From the first critical perspective, it was difficult to see much evidence that there is a Biblical precedent for “God uses” language. From the second critical perspective, it was clear that in secular English, a construction in which one person is described as using another person says nothing good about the first person. It implies an unhealthy power dynamic in which the person being used is a victim.

From the third critical perspective the damage that this language does to conceptions of God, self, and relationships was evident. Using language which describes God’s relationship with a person as an I-It relationship has several consequences. It objectifies and depersonalises the person. It makes God the I of I-It, someone who is not truly present to the other. It gives permission for people to believe that they may relate to other people as It. Finally, it encourages the tendency for humans to relate to God as It, someone who is there for us to experience and to use, but not to encounter.
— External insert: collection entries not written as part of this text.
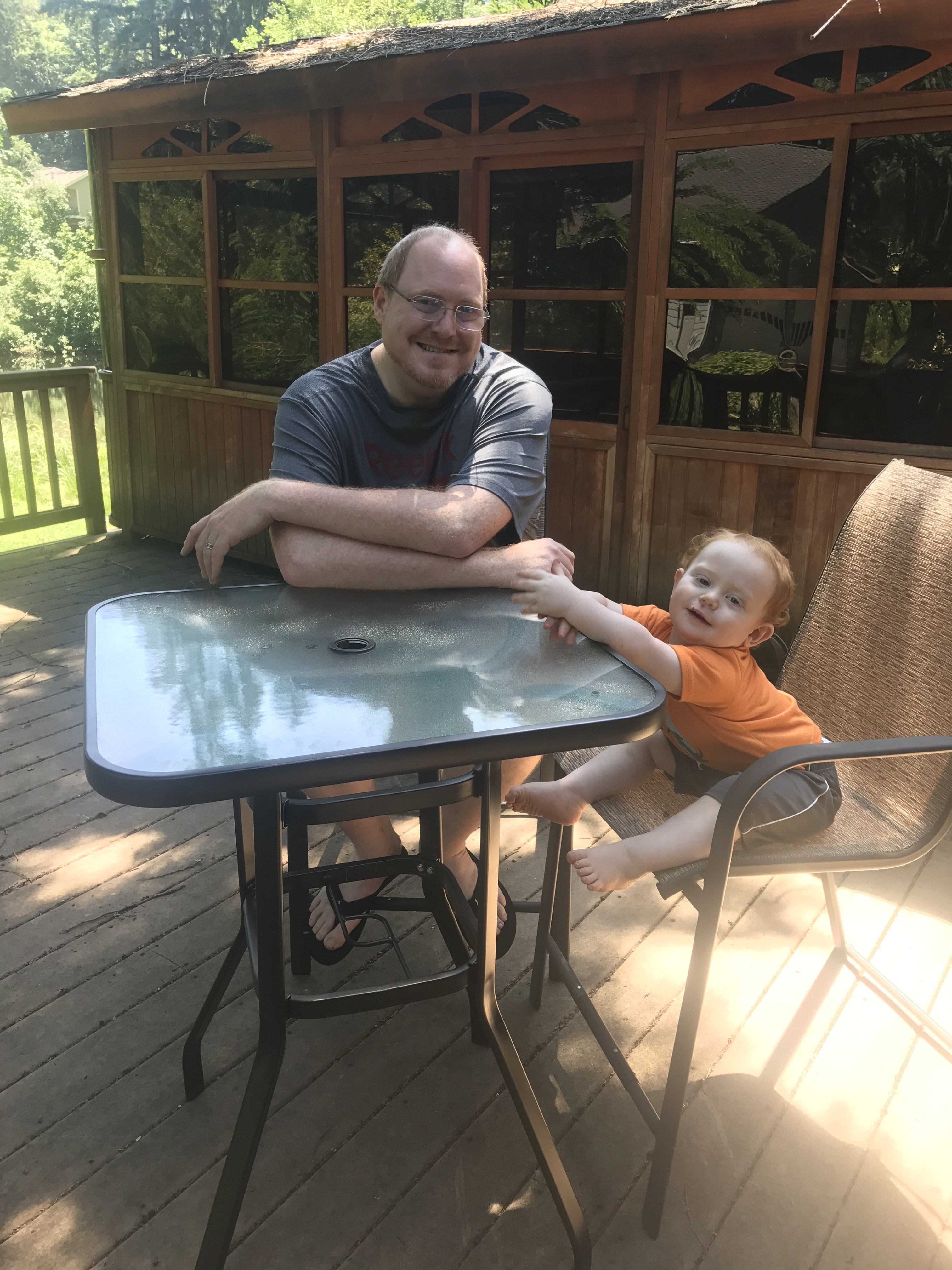 You two did a great job putting that table together! I hope that Grandpa and I can come up sometime this summer to see it . . . and feed the birds and squirrels again! You do a great job feeding them, too, Finn!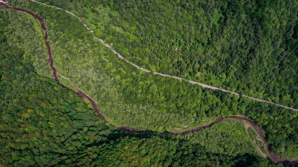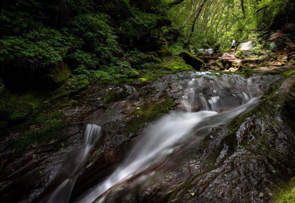 7月8日,游客徒步经过六盘山国家森林公园内一处溪流。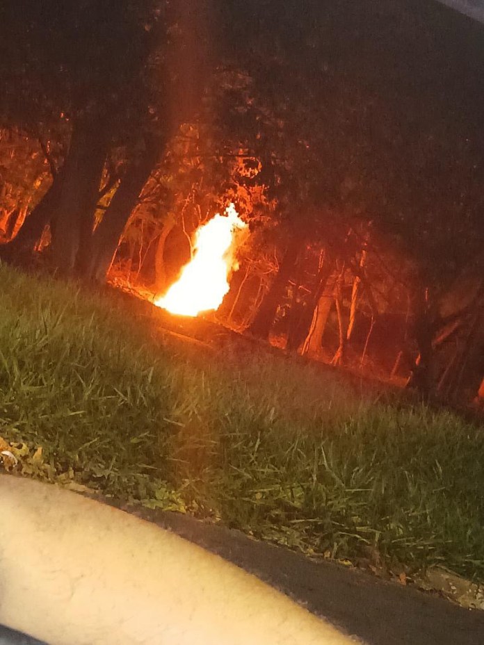 Na noite desta terça-feira, 26, um sofá estava sendo consumido pelo fogo no meio da rotatória da Educativa na Marginal.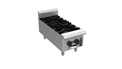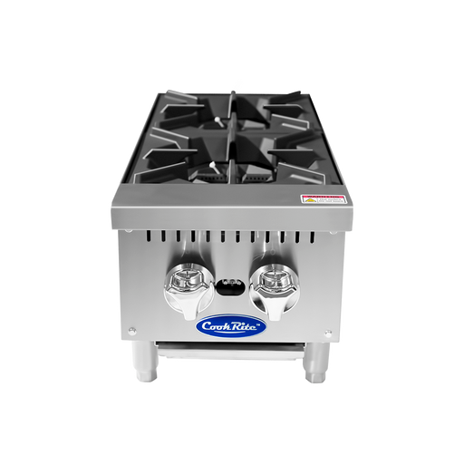 This Cookline CHP-12-2 hot plate range incorporates high-power natural gas burners, a heavy-duty 12" x 12" cast iron grate, and an eye-catching sta...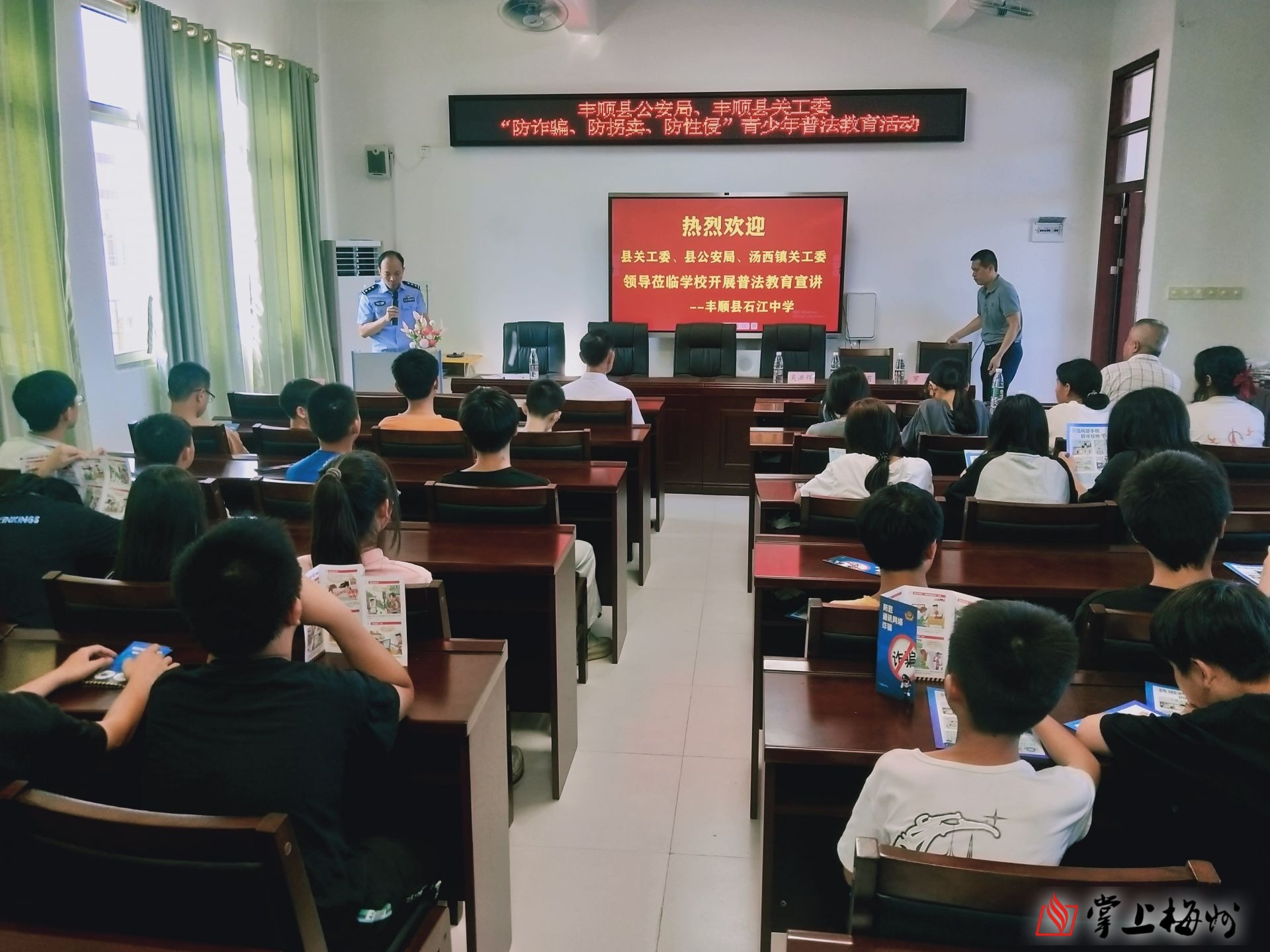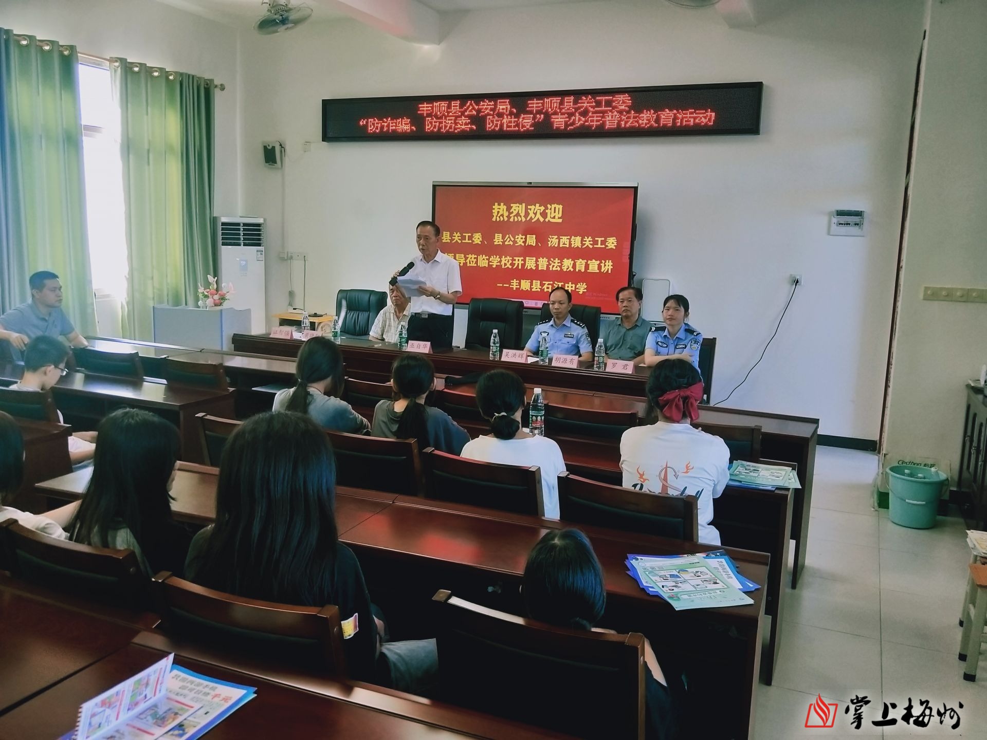 掌上梅州讯 6月20日,丰顺县关工委联合县公安局在汤西镇石江中学开展“防诈骗、防拐卖、防性侵”青少年普法教育活动。县关工委、县公安局负责同志,汤西镇关工委相关负责同志及汤西镇石江中学师生代表近80人参加了活动。
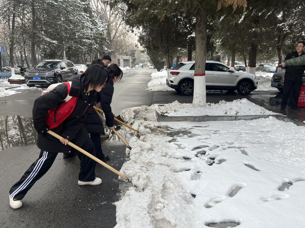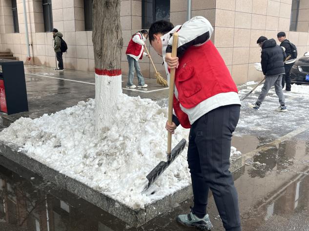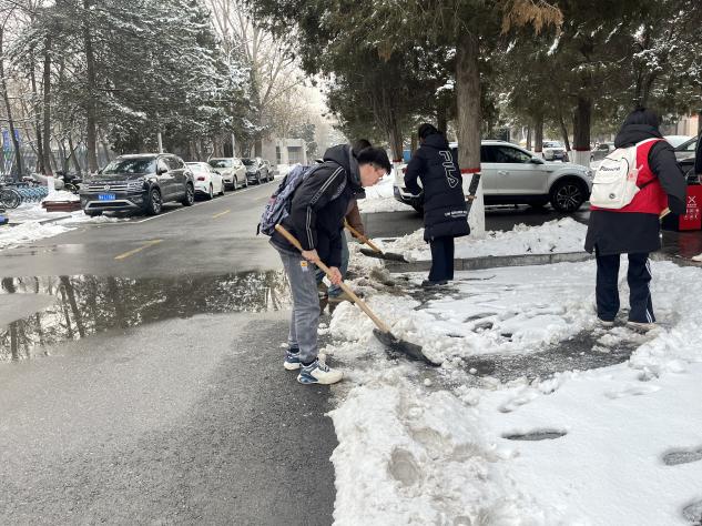 活动过程中,志愿者们不惧雪虐风饕,有序分工,默契配合。除雪工具与地面的摩擦撞击声不绝于耳,一个个忙碌的身影是皑皑白雪中最靓丽的风景线。冻雪“坚硬”,但人心更“紧”,志愿者们互相配合,高效地清理着积雪。经过4个小时的接力奋战,志愿者们清扫出了一条条“暖心路”,积雪已基本清理完毕,极大地排除了冰雪天气校园内存在的潜在安全隐患。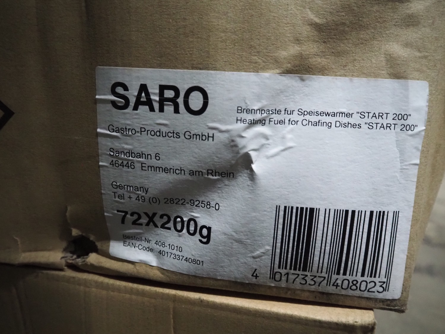 Saro Gastro-Products GmbH burning paste, model: START 200, 2 boxes, each box: 72 pieces, dimensions: (2x) 520 mm x 360 mm x 180 mm.

Having considered three different perspectives on God’s sovereignty, it was argued that this could be expressed more fully than “God uses” language allows. Knowing that God relates to us as Thou does not preclude our submission to God. I believe that it leads to a deeper, more active, submission to the God who encounters us.

Similarly, the place of “God uses” language in pastoral care was explored. It was seen that it could be replaced by alternatives, which are more fruitful, in the contexts in which it was promoted in the literature. It was also argued that not only is “God uses” language unnecessary to pastoral care, but is also deeply antithetical to it.